In the meantime, let's talk about what you should do after you've used a free, online resource to learn some coding basics. And if after you've read this post you'd like a little more clarificaion or advice, you can pop into our Slack channel.
1. Pick one simple thing you want to build.
I'm not talking about Twitter, Facebook, or Instagram. For simplicity sake, think of a real world object that can be made into code. Some examples might be a library, and airplane, or a cafe. But you should think of you own. Do that now!
2. Apply, Apply, Apply.
Let's say you've learned about arrays, hashes, and booleans. How might those data structures be represented in a cafe? You might have an array of menu items, or need to use a boolean to determine if the cafe is opened, or closed. Think about how you can apply these data structures to the idea you came up with.
3. Play with IRB or some other Interactive Shell.
Open up your terminal and type the words 'IRB'. Poof! You're inside of a place on your computer where you can play with code. Remember those data structures you came up with? IRB is a great place to practice building them.
If you don't have a MAC, you might have to download IRB. Don't stress! Downloading packages can be frustrating and confusing, but once you get past them, you can get a lot of work done.
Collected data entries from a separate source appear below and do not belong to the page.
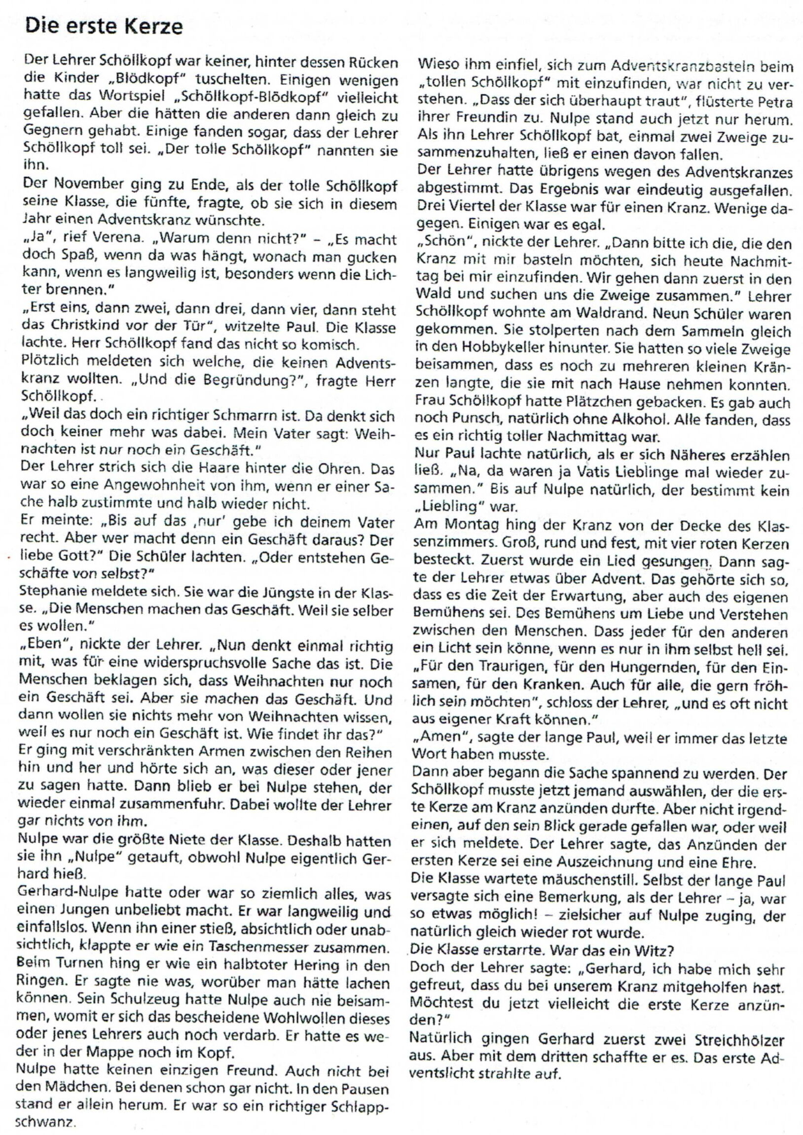 Ich möchte eine Geschichte vorlesen, die eine beispielhafte Antwort gibt. Und weil wir heute die erste Kerze angezündet haben, heißt sie auch „Die erste Kerze“ (aus: Marieluise Bernhard-von Luttitz, Die erste Kerze, in: D.Steinwede u.a. (Hg.); Vorlesebuch Religion 3, Lahr, 1976, S.231ff): …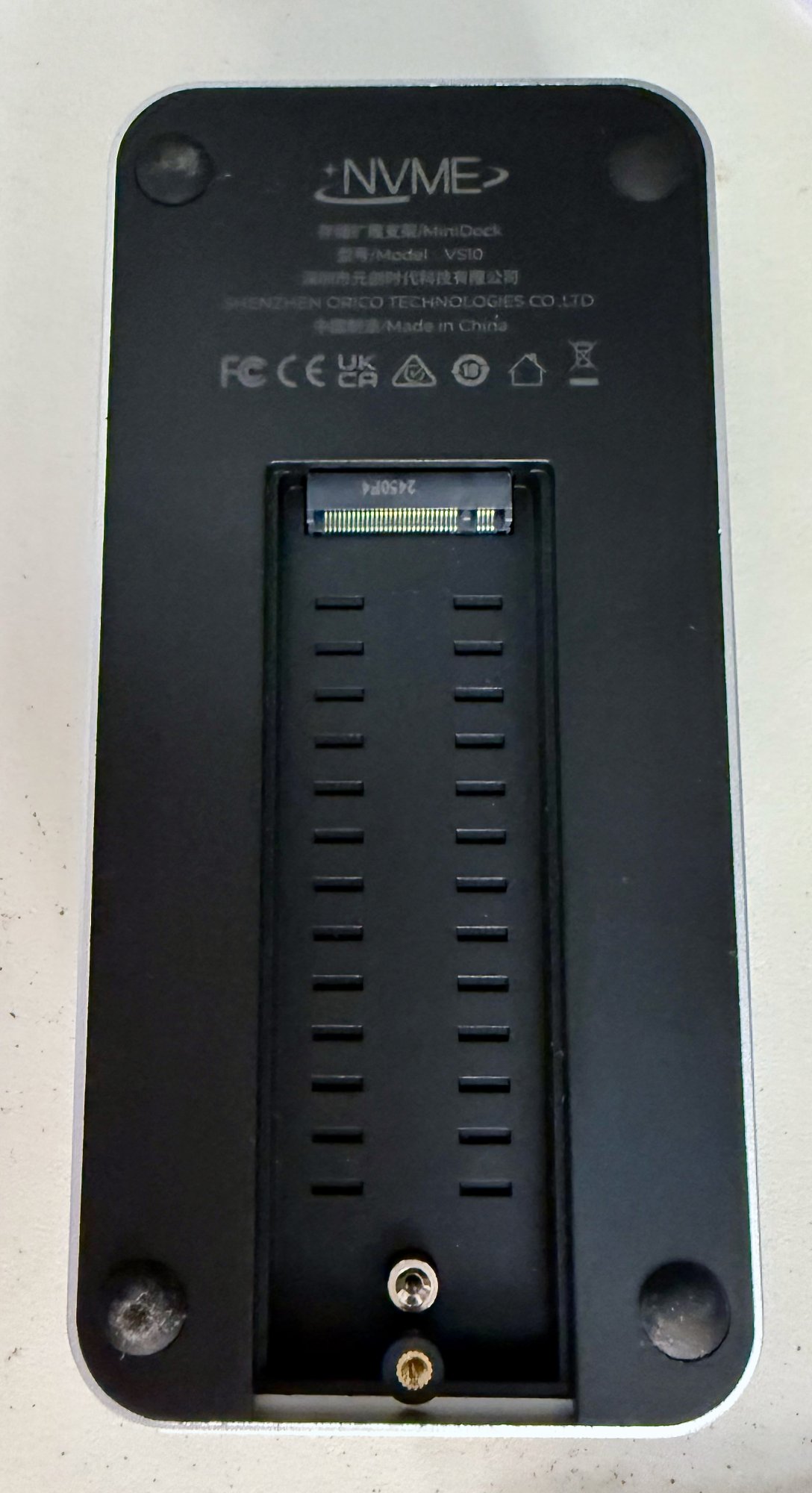 I've included an image from Orico's MiniDock page and one that I snapped, of the NVMe M.2 Bay.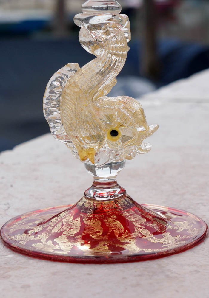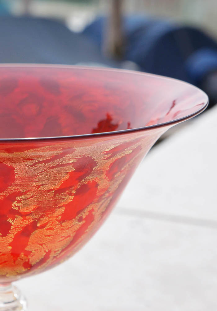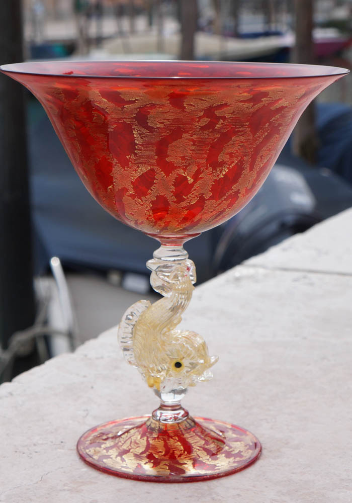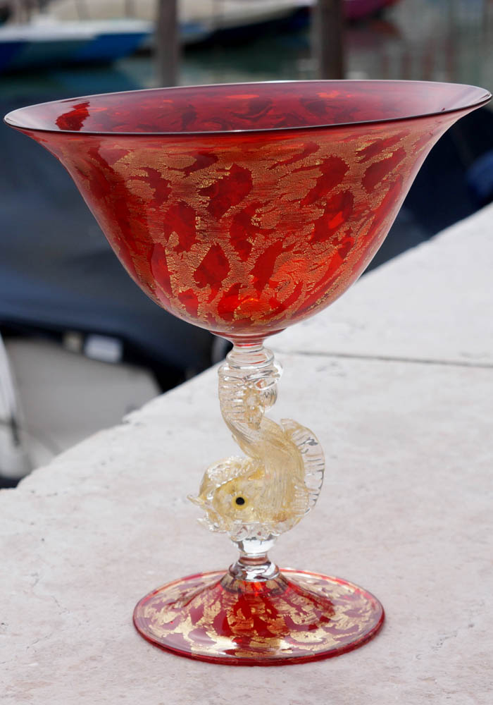 Elegantissima coppa in vetro Murano color rosso con delfino nel gambo, il tutto ricoperto in foglie oro 24kt. I nostri articoli di Made Murano Glass sono tutti eseguiti esclusivamente a mano dai nostri famosi Maestri vetrai dell’Isola, rendendo le nostre opere uniche e inimitabili. Per completare al meglio la nostra unicità il Maestro vetraio incide a freddo la propria firma nell’opera.

4. Search GitHub for similar projects and see how people are building them.
Got to GitHub.com/search and enter your keyword. For example, I would enter the word 'cafe.'
On the left-hand side of the screen, you'll see two containers. On the first click "code," and on the second choose "Ruby," or whatever language you're learning. You can then narrow your search by clicking "Sort: Last Recently Indexed" on the dropdown. Now you can see how other people are using code to build something that interests you.
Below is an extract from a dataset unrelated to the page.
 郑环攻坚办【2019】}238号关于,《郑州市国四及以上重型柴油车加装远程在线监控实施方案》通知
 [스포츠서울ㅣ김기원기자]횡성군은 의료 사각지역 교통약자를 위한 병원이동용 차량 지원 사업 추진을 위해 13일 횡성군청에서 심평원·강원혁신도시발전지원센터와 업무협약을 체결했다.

5. Create a Github account.
It took me months after messing around with my first coding tutorial to realize that GitHub was a thing. For those of you not familiar with it, GitHub is a version control and source code management system. What happens when you land your first programming job? You'll be using GitHub or something similar to add code to an existing code base. Before you start looking for jobs, it's helpful to have some example projects lined up for folks to see. And when you're given code challenges, some companies require that you put your answers into a private repository on GitHub. So, the sooner you get to working with this technology, the better!
6. Get yourself a text editor.
I'm going to suggest that you download Sublime Text. It's free, beginner-friendly, and comes with a feature called Vintage Mode. When you're ready to graduate from Sublime to VIM or when you're ready to configure your dotfiles, using Vintage Mode will be helpful.
7. Push a tiny piece of code onto GitHub.
Teaching you how to do so is a little more than I can fit into one blog post. So, if you want to see how to learn how to create a GitHub repository, and learn some basic GitHub commands live, fill in your info below. I haven't decided how I'm going to present this information yet (live webinar, email course, or maybe even an email challenge), but I'll keep you updated.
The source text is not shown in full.